---------- DATA SECTION

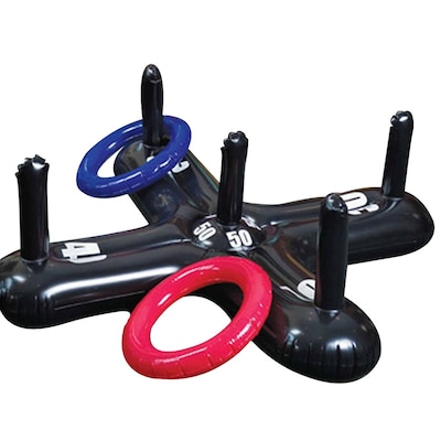 - Inflatable ring toss game features oversized PVC pieces
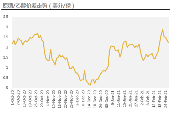 巴西中南部2月上旬已有1家糖厂重新开榨,近期巴西乙醇价格受到原油及巴西国内油价上涨的带动达到历史新高,折合原糖价格超过15美分/磅,而原糖在3月合约交割后开始回调,原糖/乙醇价差迅速收缩。但由于最近巴西总统因油价不断上调而更换巴西国有石油公司C EO,意味着政府开始出手干预燃油价格上涨,后期或有更多干预政策出台,恐导致巴西油价与国际原油价格的关联性减弱,加上巴西疫情未结束,后期燃油消费的不确定性仍然很大,预计后期乙醇的上涨空间有限,下榨季糖厂增加用于生产乙醇的甘蔗量的可能性不大。
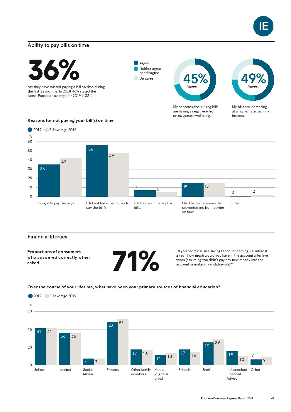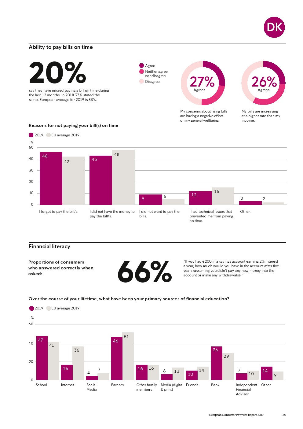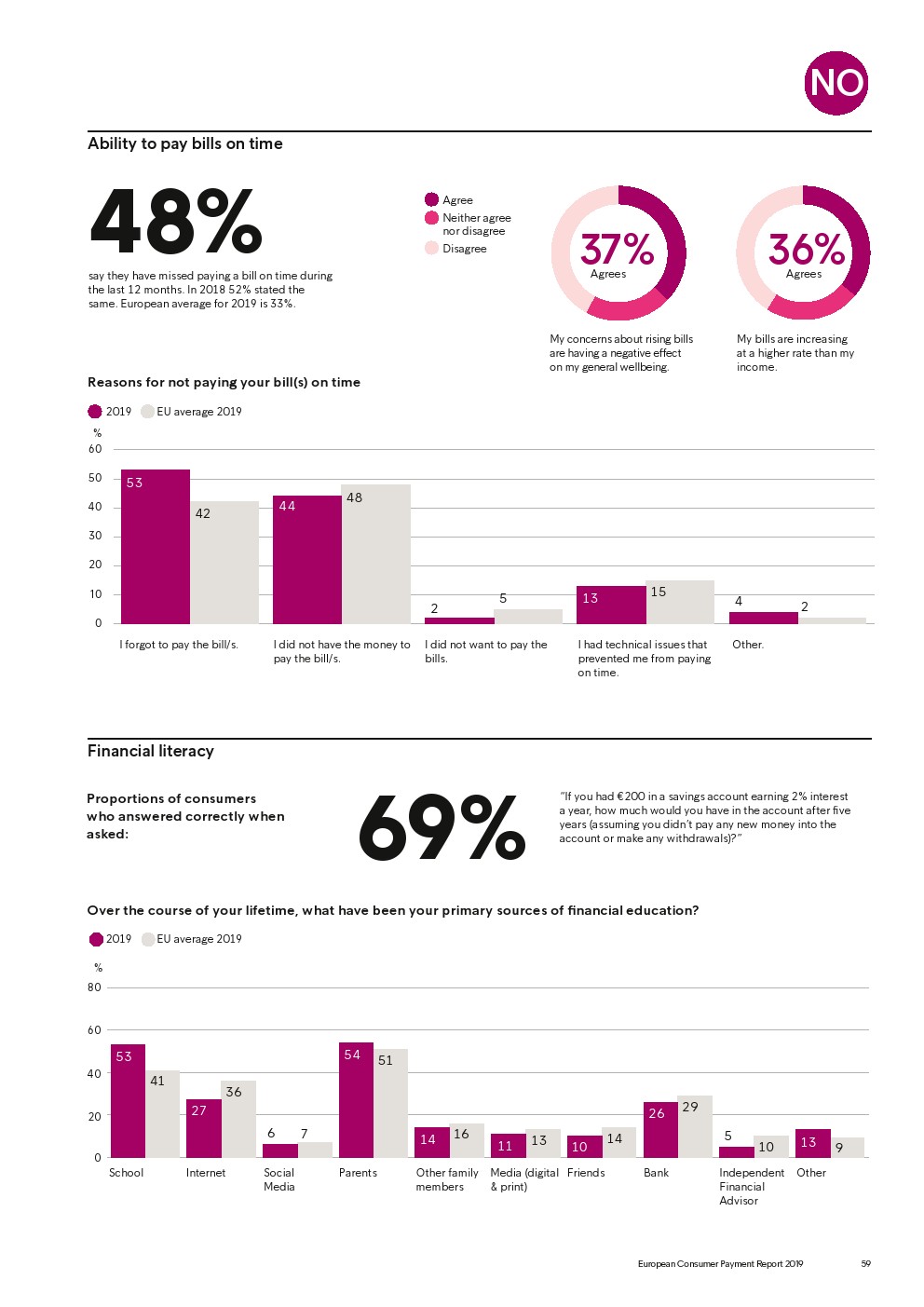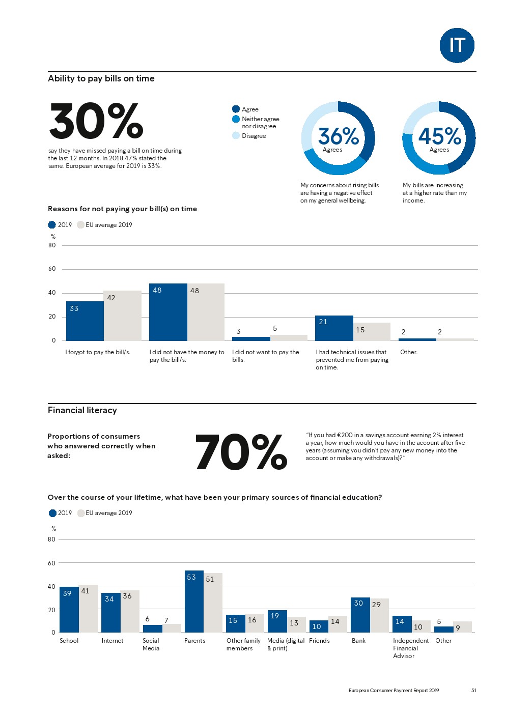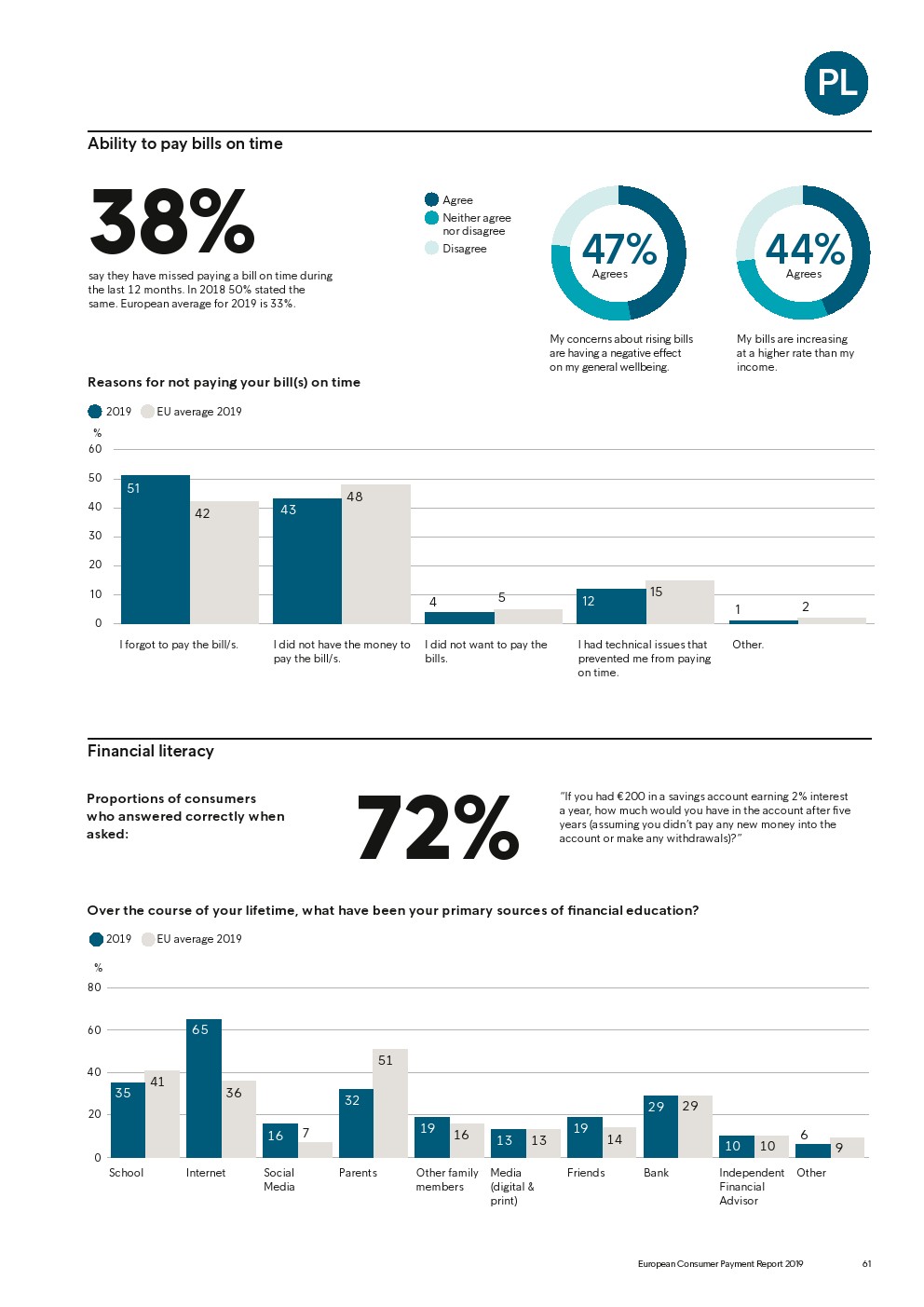 69%的受访者认为他们的金融教育已经足够,但是37%未能将基本的金融术语与其正确的定义相匹配,尤其是年轻消费者。大多数欧洲消费者(51%)的金融教育主要来源是父母,但是他们更希望学校能够给孩子们传授这方面的知识(63%)。

--------------------

TASK TO CARRY OUT: Each word of the data should be repeated exactly, and the pictures left out.

RESULT FOR THIS TASK:
 - Inflatable ring toss game features oversized PVC pieces
 巴西中南部2月上旬已有1家糖厂重新开榨,近期巴西乙醇价格受到原油及巴西国内油价上涨的带动达到历史新高,折合原糖价格超过15美分/磅,而原糖在3月合约交割后开始回调,原糖/乙醇价差迅速收缩。但由于最近巴西总统因油价不断上调而更换巴西国有石油公司C EO,意味着政府开始出手干预燃油价格上涨,后期或有更多干预政策出台,恐导致巴西油价与国际原油价格的关联性减弱,加上巴西疫情未结束,后期燃油消费的不确定性仍然很大,预计后期乙醇的上涨空间有限,下榨季糖厂增加用于生产乙醇的甘蔗量的可能性不大。
 69%的受访者认为他们的金融教育已经足够,但是37%未能将基本的金融术语与其正确的定义相匹配,尤其是年轻消费者。大多数欧洲消费者(51%)的金融教育主要来源是父母,但是他们更希望学校能够给孩子们传授这方面的知识(63%)。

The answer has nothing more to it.